また、5巻収録の第66話「七つのさよなら(3)」で五月は、母親の死後は自分が母親の代わりとなって姉たちを導く決心をしたと語っていました。
実際には中々上手くいっていないようですが……五月がどれだけ母親を慕っていたかがよくわかります。
そして五月は、母の生前の職業だった「先生」になるという夢を持つようになります。
風太郎が提案した「全員家庭教師」の一環で四葉の勉強を見てあげた際、「凄くわかりやすい」と言われたことが決め手になったようです。
ただ、それ以前には「先生になる」という夢は公言していませんでした。
母のことが大好きで、母に憧れていた五月が、その母と同じ教職に就きたいという目標を持つのは極めて自然。
何故、足踏みしていたのでしょうか。
五月には、教師となるために必要不可欠な要素が2つ欠けていました。
それは「学力」と「先導力」です。
学力に関しては言うまでもないでしょう。
風太郎と出会う前の五つ子は全員が赤点の常習者で、五月は五人の中では三玖に次ぐ成績だったものの、教師になれるような学力には到底及んでいませんでした。
勉強に対する意欲は五人の中でも一番上だったはずですが、持ち前の要領の悪さが響いてしまい、せっかくの努力もあまり身に付いていないという状況だったのでしょう。
先導力に関しても同様です。
前述したように、五月は母代わりとなって姉たちを導きたいという意欲を持っていたものの、実現できてはいません。
他者を導くには、単に知識や教養を積んでいるだけではなく、その人物と向き合って適切な方向を一緒に模索し、時には強引にでも手を引くくらいの力強さ必要ですが、五月にはまだそれだけの能力と自信が備わっていなかったのです。

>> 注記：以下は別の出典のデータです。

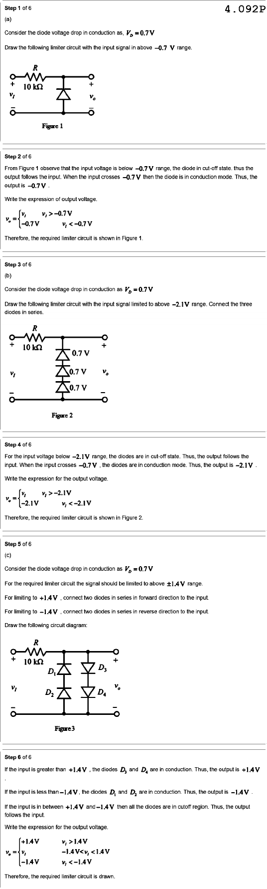 Step of 6 4.092P (a) Consider the diode voltage drop in conduction as, = Draw the following limiter circuit with the input signal in above -0.7 V range. R + + v₁ - Figure 1 Step of 6 From Figure 1 observe that the input voltage is below -0.7V range, the diode in cut-off state. thus the output follows the input. When the input crosses -0.7V then the diode is in conduction mode. Thus, the output is -0.7V Write the expression of output voltage. -0.7V Therefore, the required limiter circuit is shown in Figure 1. Step of 6 (b) Consider the diode voltage drop in conduction as = Draw the following limiter circuit with the input signal limited to above -2.1V range. Connect the three diodes in series. R + 10 kΩ + 0.7 V 0.7 V 0.7 V - - Figure 2 Step of 6 For the input voltage below -2.1V range, the diodes are in cut-off state. Thus, the output follows the input. When the input crosses -0.7V the diodes are in conduction mode. Thus, the output is Write the expression for the output voltage. = Therefore, the required limiter circuit is shown in Figure 2. Step of 6 (c) Consider the diode voltage drop in conduction as For the required limiter circuit the signal should be limited to above +1.4V range. For limiting to +1.4V connect two diodes in series in forward direction to the input. For limiting to -1.4V connect two diodes in series in reverse direction to the input. Draw the following circuit diagram: R + 10 kΩ + D₁ D₃ D₂ - Figure 3 Step of 6 If the input is greater than +1.4V the diodes D, and are in conduction. Thus, the output is +1.4V If the input is less than the diodes and are in conduction. Thus, the output is If the input is in between +1.4V and -1.4V then all the diodes are in cutoff region. Thus, the output follows the input. Write the expression for the output voltage. +1.4V v, >1.4V =
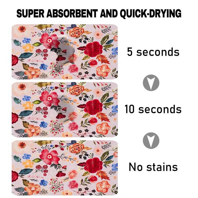 - Super Absorbent: When pets spill water on the mat, the absorbent surface quickly absorbs liquid to prevent overflow and keep the floor dry and clean.The rubber bottom layer prevents water from seeping through the floor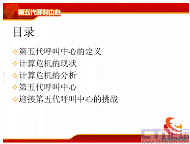 我把第五代呼叫中心的概念詳細地論述一下。主要是分成五個部分,第一個是第五代呼叫中心的定義;第二個計算危機的現狀;第三是計算危機的分析;第四第五代呼叫中心;第五是結論——迎接第五代呼叫中心的挑戰(zhàn)。

そんな五月が教師の道を目指すと決断できたのは、彼女なりに「どうすれば教師になれるのか」という道筋が、おぼろげながらも見えたからだと思われます。
そこに風太郎の影響が多大にあったのは想像に難くありません。
家庭教師という立場で、性格がまるで違う五つ子それぞれと向き合い、時間も労力も惜しまずに役目を果たそうとする風太郎の姿を見て、五月は他者の導き方を学ぶと同時に、その尊さをあらためて実感し、母の跡を継ぐ決心が固まったのでしょう。

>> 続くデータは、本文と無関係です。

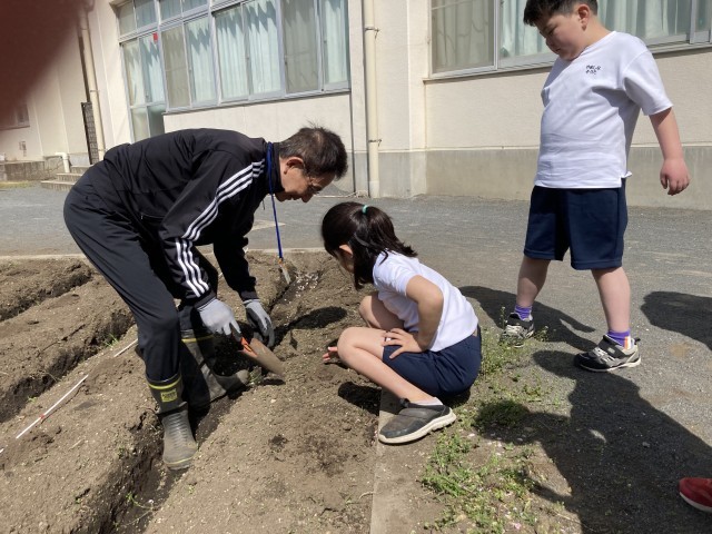みんなで協力してジャガイモを植えました

73話「新川中島」で五月は、五つ子に時間を割いた結果学年1位の座から転落した風太郎よりも、新たに学年1位となった武田祐輔(たけだ ゆうすけ)の方が家庭教師に相応しいと言い放った父に対し、「私が三年生で一番の成績を取ります!」と返しました。
「風太郎は家庭教師に相応しくない」「学年1位しか信用できない」とする父に対する反抗として、とっさに口に出た言葉だと思われますが、恐らくそれだけではありません。
「風太郎から勉強を教わって教師を目指す道を歩み始めた自分には、それくらいの意気込みがある」という意思表示を父に見せたのでしょう。
もちろん、2年生の時点で赤点常連の彼女が3年で学年1位になれる可能性はほとんどありませんが、「風太郎に教えてもらったことでこんなに自信を持てるようになった」と父に認識させるには十分な言葉。
多少わかり難くはありますが、五月なりの風太郎に対するフォローと、彼女の現状報告を兼ねた言葉だったのでしょう。
五月と風太郎の関係は一花、二乃、三玖のような恋愛感情がベースのものではありませんが、まるで師弟関係のような特別な絆を感じさせるものになりつつあります。
その関係性もまた、五月にしかない魅力と言えます。